Nel 1603, dal matrimonio con Lucrezia di Piero Triboli, nasceva il figlio Francesco. Compare di battesimo figura Riccardo di Giovanni Riccardi, esponente illustre del nobile casato fiorentino e iniziatore della raccolta di famiglia. Raccolta di antichità, in primo luogo, conservata, prima dell’acquisto del palazzo mediceo in via Larga nel 1659, nel palazzo e nel giardino di Gualfonda (o Valfonda). Qui – come emerge dall’inventario redatto all’indomani della morte (1612) di corredo al fidecommesso con il quale, nel testamento rogato l’anno precedente (V. Gelli, Documenti riccardiani: diario di un progetto di archiviazione informatica, in Studi di Memofonte, 2009, n. 3 [www.memofonte.it]), Riccardo aveva vincolato gli oggetti d’arte – uno «stanzone» risulta affittato «per scudi sei di moneta l’anno» a Orazio Mochi, che «sene serve per lavorarvi di scultura» (Archivio di Stato di Firenze, Fondo Riccardi 258, Libro d’inventari di Riccardo Romolo Riccardi, 1612, cc. 1-2). Non è escluso, dunque, che le prime prove fiorentine di Orazio debbano rintracciarsi nell’ambito delle attività collezionistiche di un tale importante mecenate, magari nel restauro di statue antiche per il quale Orazio è documentato già dal 1606 presso la galleria medicea (pagamento del 14 settembre per una testa di Giove e per un torso di un Ercole: Collezionismo mediceo, I.2, p. 135 n. 496).

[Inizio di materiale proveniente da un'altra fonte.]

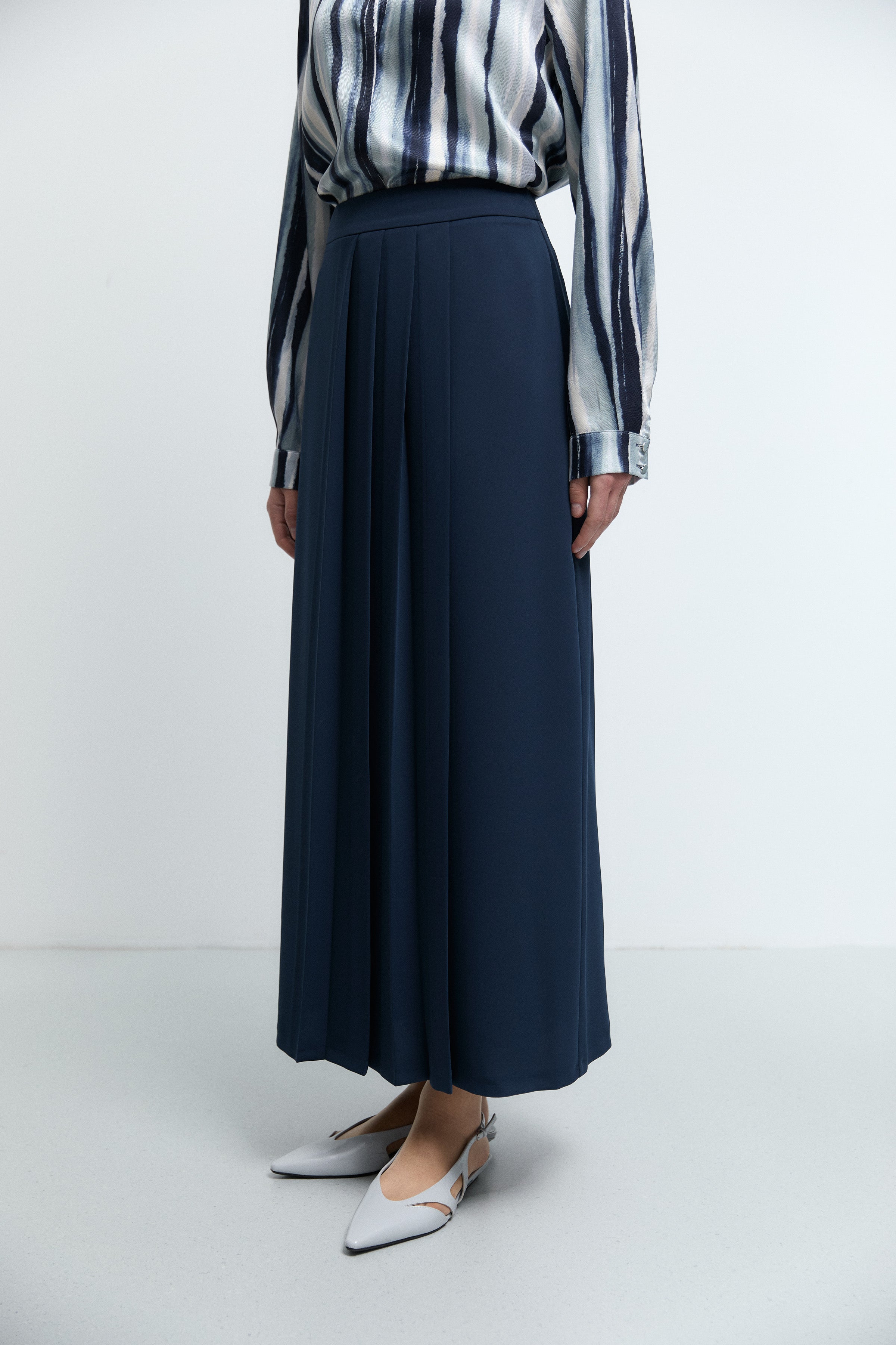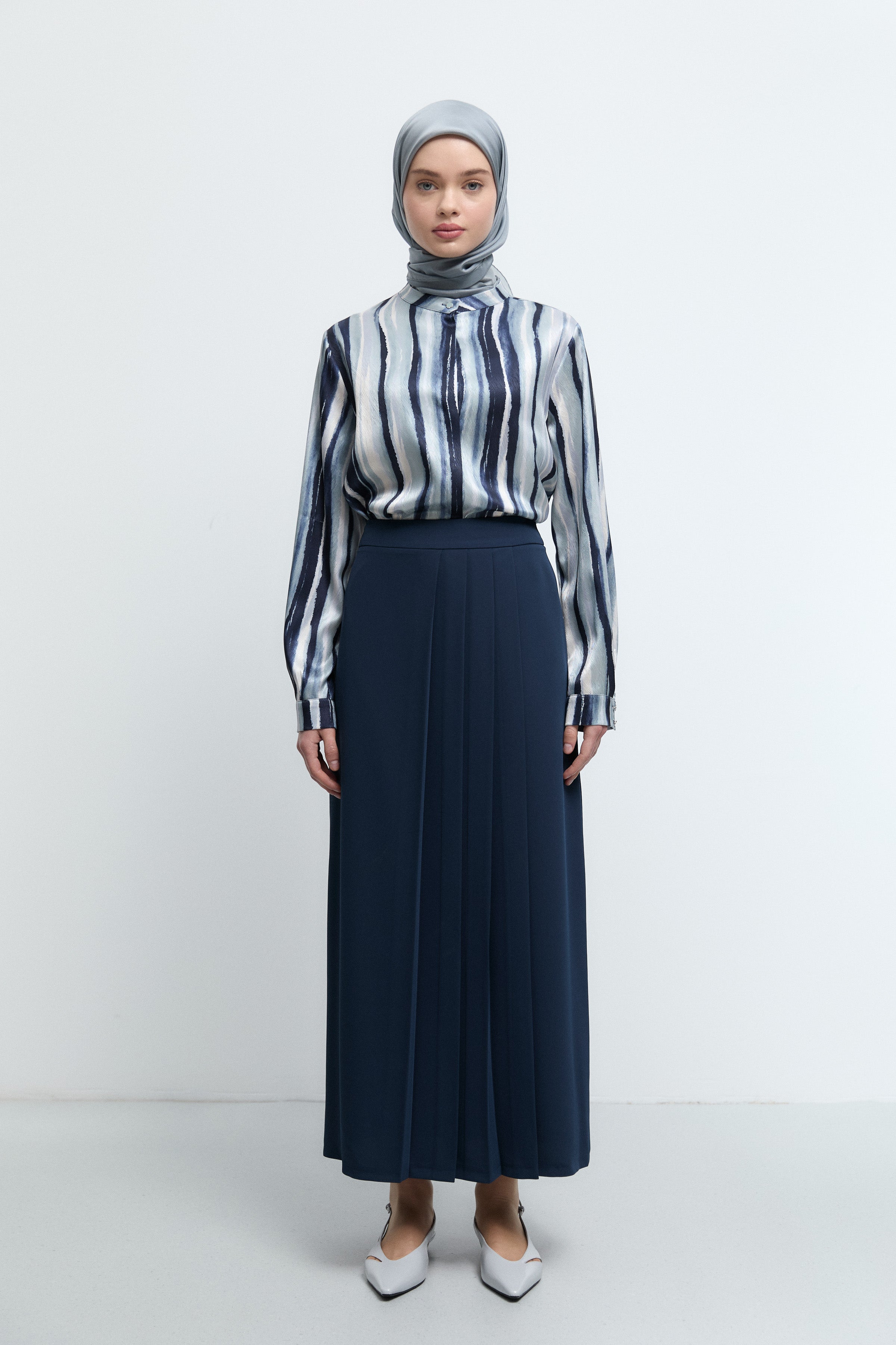 İncelikle tasarlanmış kırma vurgusuyla sade şıklığı zenginleştiren Önden Kırma Detaylı Etek, sofistike ve dengeli kombinler için seçkin bir parçadır.

Fin dal 1604 è attestata la presenza di Orazio presso le botteghe granducali. Il suo nome compare già da quell’anno, e poi nel seguente, nella «listra del stribuzione del Santo Giovanni», una regalia festiva offerta alle maestranze della Galleria (ibid., p. 592); mentre in aprile è registrato un pagamento per quattro modelli in cera di vasi «per deliberare a uno vaso di gioia che a fare messere istefano milanese»: i primi tre presentavano tre diverse «inventioni» ciascuno, utili a decidere cosa raffigurare e come farlo; l’ultimo, «tondo prefeto in somita del orlo chavato interzo tre labri cho tre manichi in terzo», doveva servire per la scelta dei manici, modellati ciascuno secondo una foggia diversa (in Fock, p. 112, n. 106). Risulta fin da qui dunque ben attestato il suo ruolo di modellatore, e nel caso specifico, poi, per un’opera di Stefano Caroni, della rinomata famiglia milanese di intagliatori, che con il fratello Ambrogio si era trasferito su invito di Francesco I a Firenze già nel 1572 a lavorare nelle officine granducali, rinforzate dall’arrivo appena qualche tempo dopo del lombardo Giorgio Gaffurri con i figli: tra di loro quel «Cristofano milanese» impegnato nell’esecuzione di un Noli me tangere da farsi «di gioie» per un «tabernacolo di cristallo orientale» per il quale lo stesso Orazio, in una nota di guardaroba del 2 apr. 1615, risulta aver realizzato «13 pezzi di modellini di cera e terra» (Collezionismo mediceo ..., I.2, p. 659). Con Stefano Caroni Orazio dovette essere legato anche da un rapporto simile al discepolato se in una lettera della Guardaroba dell’11 ag. 1605, nel definire le assegnazioni ai diversi artefici dei lavori per il ciborio che si stava allestendo nella cappella dei Principi in S. Lorenzo, si fa il nome di Orazio per eseguire due nicchie e le rispettive figurine di Evangelisti, tanto i modelli quanto la realizzazione finale in pietre dure: «et invero si vede esser molto afetato ediligente emasimo et sendo apresso a m. stefano si puo seno pensare che abbi ain camminar bene» (Giusti, in La cappella dei Principi ..., p. 263).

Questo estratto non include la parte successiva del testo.